Women's suffrage in Canada occurred at different times in different jurisdictions to different demographics of women. Women's right to vote began in the three prairie provinces. In 1916, suffrage was earned by women in Manitoba, Saskatchewan, and Alberta. The federal government granted limited war-time suffrage to some women in 1917 and followed with full suffrage in 1918, at least, granting it on same basis as men, that is, certain races and status were excluded from voting in federal elections prior to 1960. 
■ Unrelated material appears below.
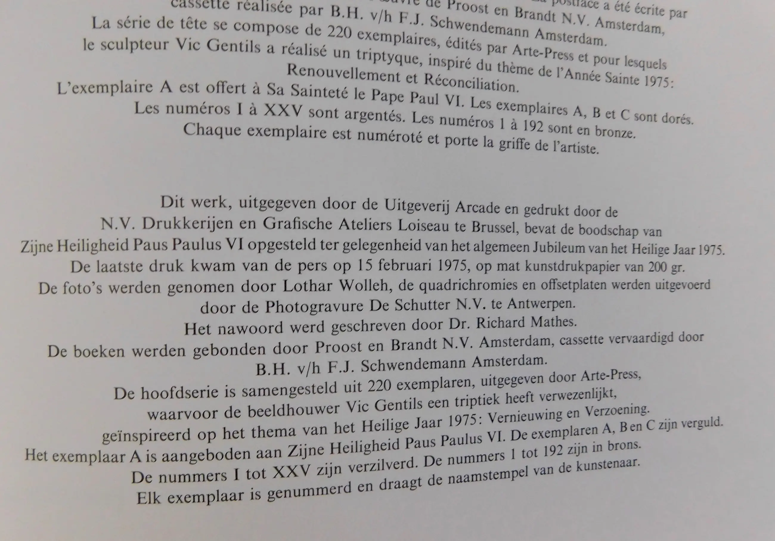 Het exemplaar A is aangeboden aan Zijne Heiligheid Paus Paulus VI. De exemplaren A, B en C zijn verguld.

By the close of 1922, all the Canadian provinces, except Quebec, had granted full suffrage to White and Black women, yet Asian and Indigenous women still could not vote. In Newfoundland, at that time a separate dominion, women earned suffrage in 1925 for women not Asian and not Indigenous. Women in Quebec, who were not Asian and not Indigenous, did not gain full suffrage until 1940.

Municipal suffrage was earned in 1884 to property-owning widows and spinsters in the provinces of Quebec and Ontario; in 1886, in the province of New Brunswick, to all property-owning women except those whose husbands were voters; in Nova Scotia, in 1886; and in Prince Edward Island, in 1888, to property-owning widows and spinsters. 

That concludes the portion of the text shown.